## Your instructions
Your task is to transcribe the data exactly while omitting each picture.

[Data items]
*** Begin section ***

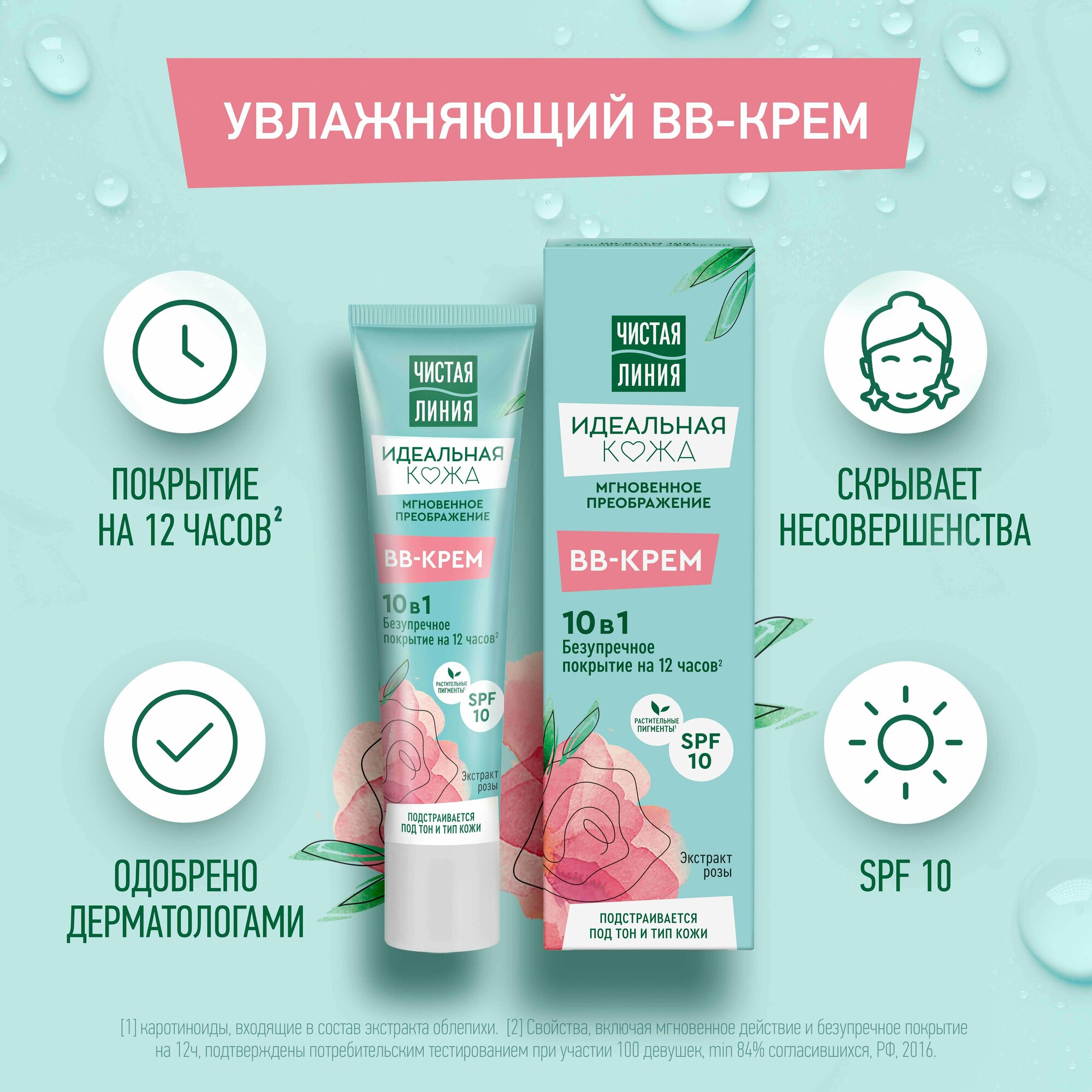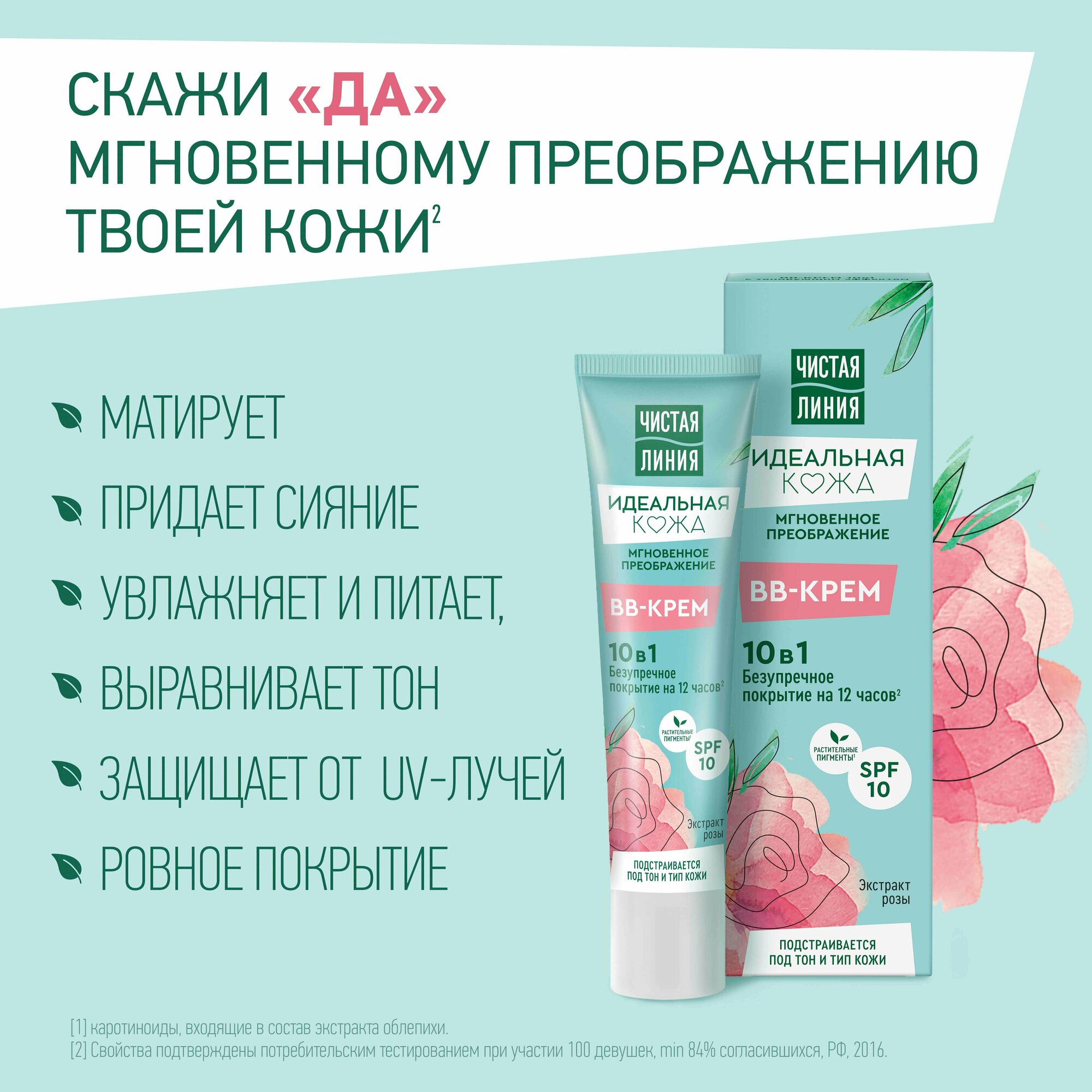 Крем-BB для лица чистая линия Идеальная кожа 10в1, 40 мл
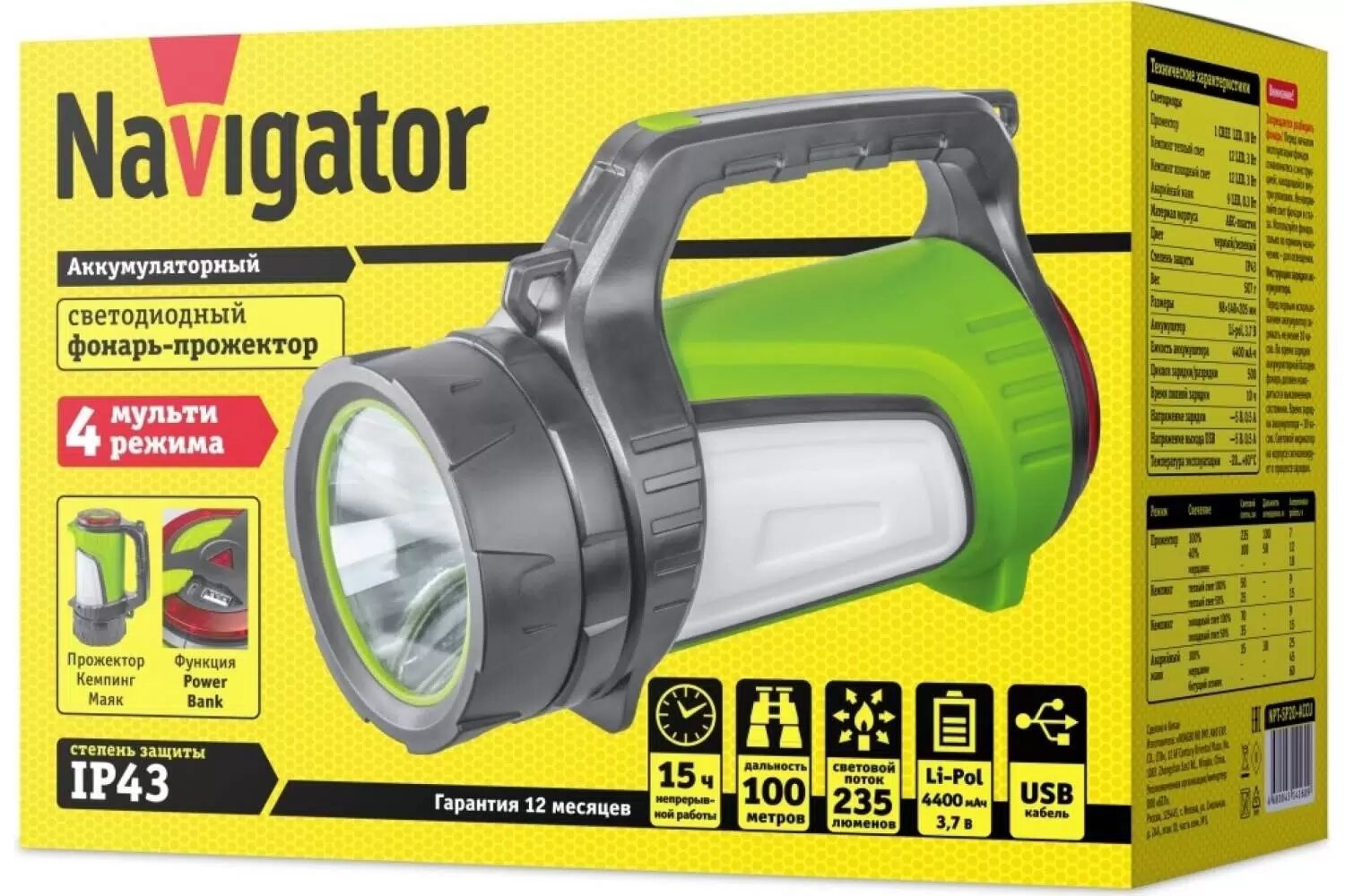Фонарь Navigator NPT-SP20-ACCU, прожектор/кемпинговый, 1CREE+12+12+9LED, аккумулятор 3.7В, 4.4Ач 14160
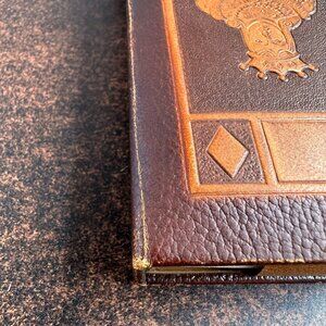 Good vintage condition. The leather case shows some wear and rubbing at the edges (see photos). The scorebook is unused and clean; both decks are intact.
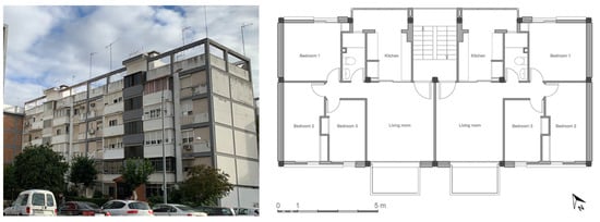 - Multi-family building. The second model used in this work represents a linear multi-family housing building built in the 1960s (Figure 2). Its morphological and constructive typology represents more than 40% of southern Spain’s social housing existing stock, being one of the most predominant building typologies of this region and, thus, a crucial real building archetype. Its brick facade has a U-value of 1.58 W/m2K, with simple-glazed windows (U-value = 5.7 W/m2K), and the roof has a U-value of 1.82 W/m2K.
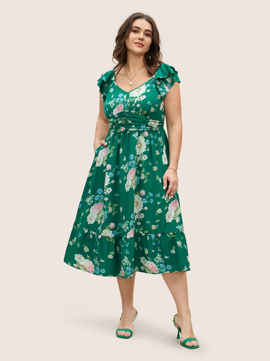 Floral Wrap Petal Sleeve Belted Dress
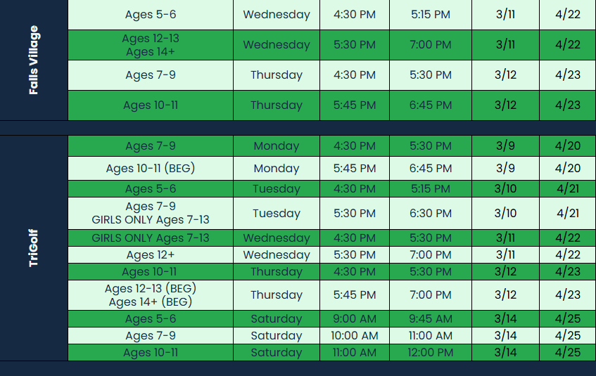 In each of our seven-week sessions, time is spent warming up, learning about the Key Commitment for that day, and rotating between golf stations with topics ranging from putting, chipping, pitching, or full swing. Because we are first and foremost a youth development organization, we focus on seamlessly integrating our Key Commitments, and we help participants understand how important these values are on and off the golf course. Participants may only attend class one day per week, and offerings depend on the facility. Please view the schedule located below to find the best fit for your participant(s).
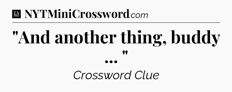 The clue “”And another thing, buddy … “” most recently appeared in a LA Times Crossword on July 6, 2019.
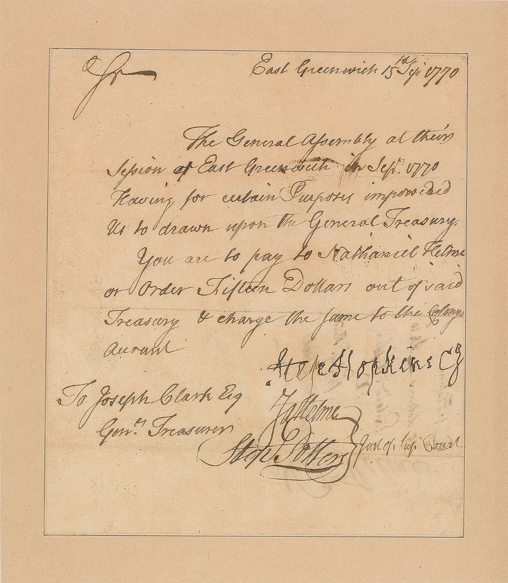 Signer of the Declaration of Independence from Rhode Island (1707–1785) who served as the colony’s governor in the 1750s and 1760s. Manuscript DS, signed “Step. Hopkins CJ,” one page, 6 x 7, September 15, 1770. Pay order submitted to Rhode Island Treasurer Joseph Clark. In part: “You are to pay to Nathaniel Helme or order Fifteen Dollars out of said Treasury & charge the same to the Colony’s account.” Signed at the conclusion by Hopkins as chief justice of the Rhode Island Supreme Court and countersigned by two other justices. Professionally inlaid into a slightly larger sheet. In very good to fine condition.
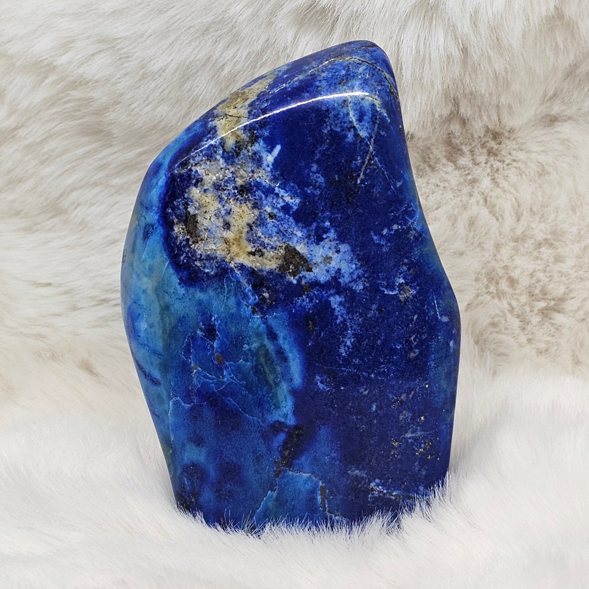 Couleur : Bleu, indigo, bleu outremer profond, souvent tacheté de blanc (Calcite) et de doré (Pyrite)
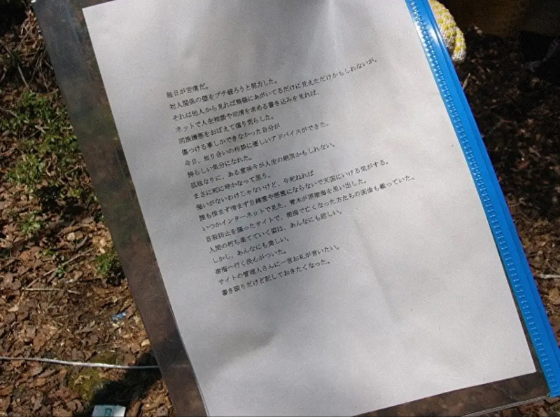 【閲覧注意】青木ヶ原樹海の自殺女性の横にあったメモ、あまりにも闇が深すぎる(画像あり)

*** End section ***

## Solution
 Крем-BB для лица чистая линия Идеальная кожа 10в1, 40 мл
Фонарь Navigator NPT-SP20-ACCU, прожектор/кемпинговый, 1CREE+12+12+9LED, аккумулятор 3.7В, 4.4Ач 14160
 Good vintage condition. The leather case shows some wear and rubbing at the edges (see photos). The scorebook is unused and clean; both decks are intact.
 - Multi-family building. The second model used in this work represents a linear multi-family housing building built in the 1960s (Figure 2). Its morphological and constructive typology represents more than 40% of southern Spain’s social housing existing stock, being one of the most predominant building typologies of this region and, thus, a crucial real building archetype. Its brick facade has a U-value of 1.58 W/m2K, with simple-glazed windows (U-value = 5.7 W/m2K), and the roof has a U-value of 1.82 W/m2K.
 Floral Wrap Petal Sleeve Belted Dress
 In each of our seven-week sessions, time is spent warming up, learning about the Key Commitment for that day, and rotating between golf stations with topics ranging from putting, chipping, pitching, or full swing. Because we are first and foremost a youth development organization, we focus on seamlessly integrating our Key Commitments, and we help participants understand how important these values are on and off the golf course. Participants may only attend class one day per week, and offerings depend on the facility. Please view the schedule located below to find the best fit for your participant(s).
 The clue “”And another thing, buddy … “” most recently appeared in a LA Times Crossword on July 6, 2019.
 Signer of the Declaration of Independence from Rhode Island (1707–1785) who served as the colony’s governor in the 1750s and 1760s. Manuscript DS, signed “Step. Hopkins CJ,” one page, 6 x 7, September 15, 1770. Pay order submitted to Rhode Island Treasurer Joseph Clark. In part: “You are to pay to Nathaniel Helme or order Fifteen Dollars out of said Treasury & charge the same to the Colony’s account.” Signed at the conclusion by Hopkins as chief justice of the Rhode Island Supreme Court and countersigned by two other justices. Professionally inlaid into a slightly larger sheet. In very good to fine condition.
 Couleur : Bleu, indigo, bleu outremer profond, souvent tacheté de blanc (Calcite) et de doré (Pyrite)
 【閲覧注意】青木ヶ原樹海の自殺女性の横にあったメモ、あまりにも闇が深すぎる(画像あり)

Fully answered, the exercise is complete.